── THE DATA ──

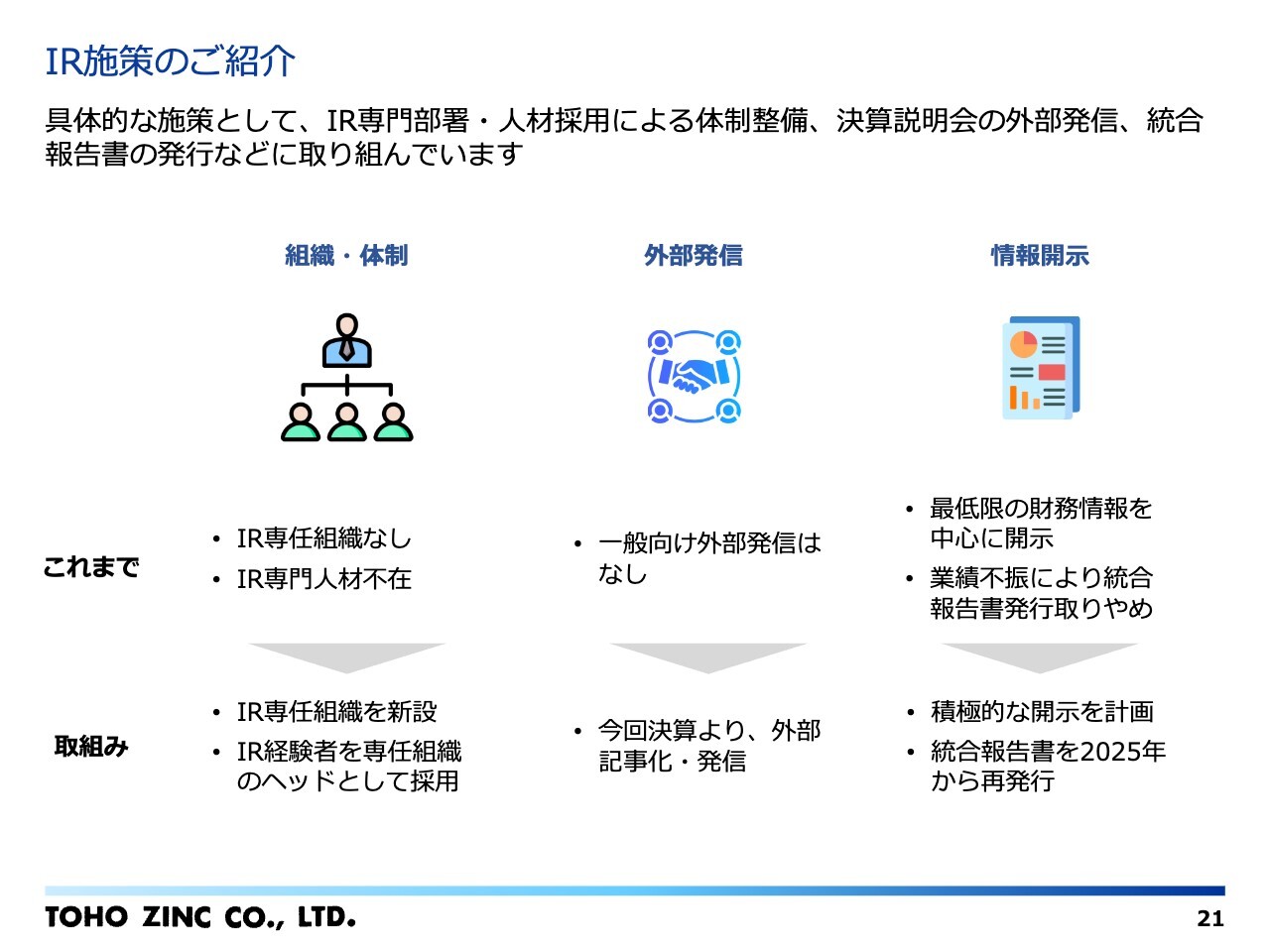 スライド左側に記載のとおり、当社ではこれまでIR専任組織が存在せず、本説明会のように四半期ごとの決算報告を実施するにとどまっていました。しかし今年中にIR専任組織を新設し、組織・体制面を整備する予定です。
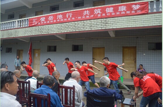 为落实实践科学发展观和践行社会主义核心价值观,发挥当代青年党员的先锋模范作用,基础医学院党总支2012级党支部组织了学生党员骨干,前往广安岳池开展了以“汇爱岳池行,共筑健康梦”为主题的社会实践活动。
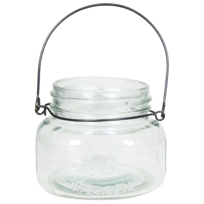 Lantern DACLAN made of glass, metal handle, clear, 3.5"/9cm, Ø4.1"/10,5cm
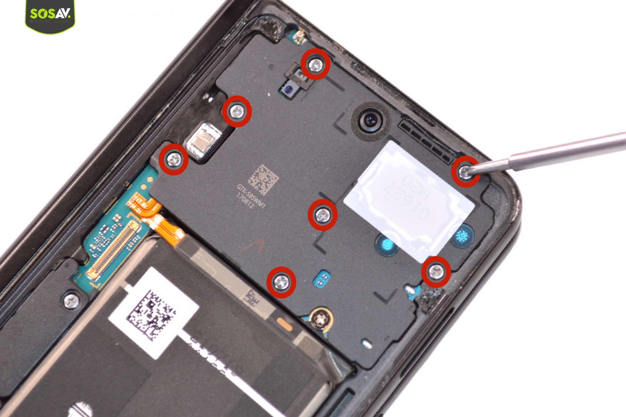 Une fois les vis retirées, vous pouvez ôter la plaquette antenne NFC du téléphone.
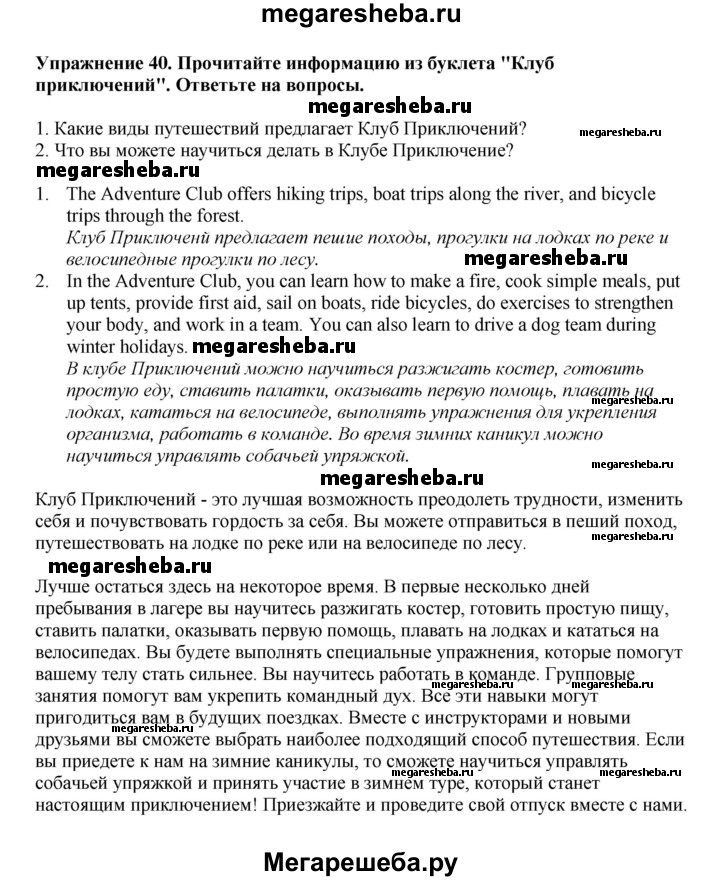 ГДЗ по английскому языку 6 класс Биболетова Enjoy English unit 4 exercise - 40
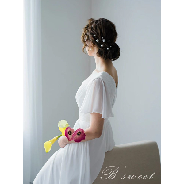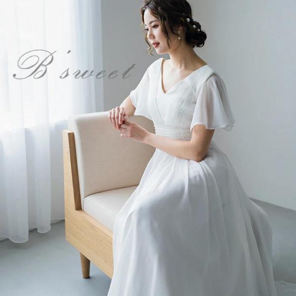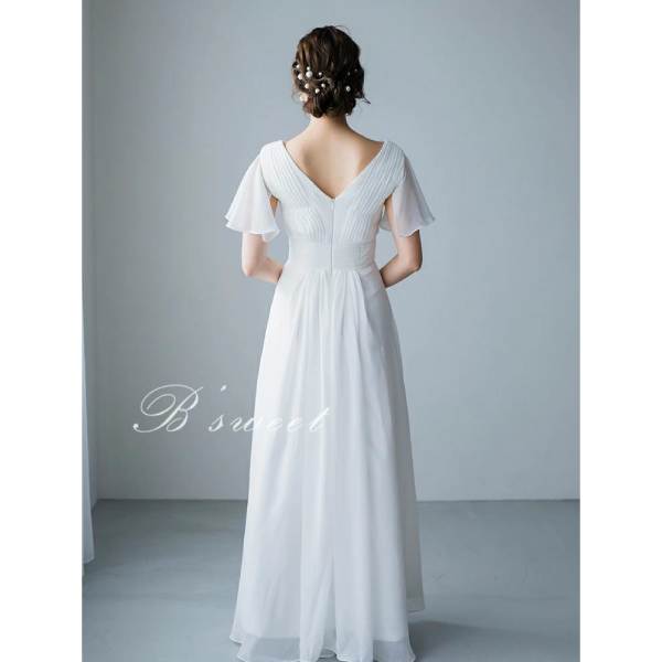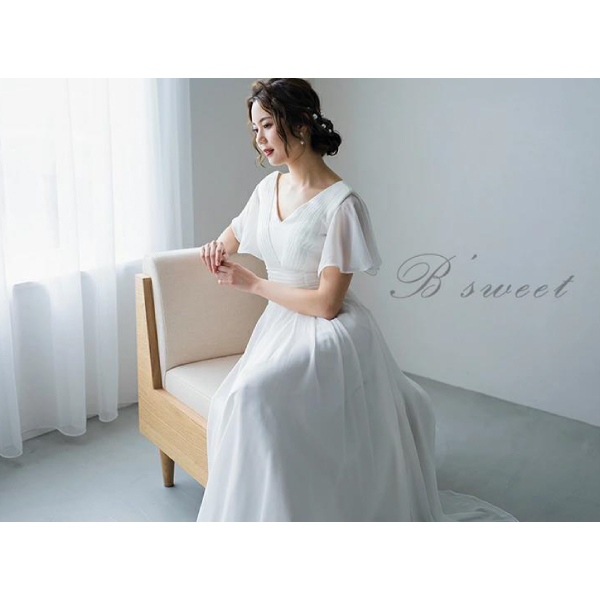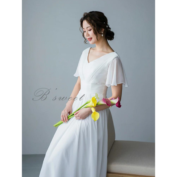 清潔感あふれるホワイトドレスに、フレア袖のデザインが華やかさを添え、清涼感に満ちた魅力を引き出します。ウエストまで続く縦のラインが、シルエットを引き締めながらも、上品で優雅な雰囲気を織り成します。このホワイトドレスは、その繊細なバランスが美しい装いを作り上げ、さまざまな場面で優雅さを放つことでしょう。フレア袖の動きや縦のアクセントが、着る人の魅力を引き立て、清涼感ある印象を着実に表現します。シンプルながらも洗練されたデザインは、エレガントなアクセサリーやヘアスタイルとの相性も良く、ウェディングやフォーマルなイベント、特別な日にふさわしい一着です。このホワイトドレスは、清らかな印象と華やかな魅力を見事に融合させ、着る人の美しさを引き立てます。

───

PROBLEM DETAILS: Each entry, word for word, belongs in your answer; each picture does not.

FINAL ANSWER:
 スライド左側に記載のとおり、当社ではこれまでIR専任組織が存在せず、本説明会のように四半期ごとの決算報告を実施するにとどまっていました。しかし今年中にIR専任組織を新設し、組織・体制面を整備する予定です。
 为落实实践科学发展观和践行社会主义核心价值观,发挥当代青年党员的先锋模范作用,基础医学院党总支2012级党支部组织了学生党员骨干,前往广安岳池开展了以“汇爱岳池行,共筑健康梦”为主题的社会实践活动。
 Lantern DACLAN made of glass, metal handle, clear, 3.5"/9cm, Ø4.1"/10,5cm
 Une fois les vis retirées, vous pouvez ôter la plaquette antenne NFC du téléphone.
 ГДЗ по английскому языку 6 класс Биболетова Enjoy English unit 4 exercise - 40
 清潔感あふれるホワイトドレスに、フレア袖のデザインが華やかさを添え、清涼感に満ちた魅力を引き出します。ウエストまで続く縦のラインが、シルエットを引き締めながらも、上品で優雅な雰囲気を織り成します。このホワイトドレスは、その繊細なバランスが美しい装いを作り上げ、さまざまな場面で優雅さを放つことでしょう。フレア袖の動きや縦のアクセントが、着る人の魅力を引き立て、清涼感ある印象を着実に表現します。シンプルながらも洗練されたデザインは、エレガントなアクセサリーやヘアスタイルとの相性も良く、ウェディングやフォーマルなイベント、特別な日にふさわしい一着です。このホワイトドレスは、清らかな印象と華やかな魅力を見事に融合させ、着る人の美しさを引き立てます。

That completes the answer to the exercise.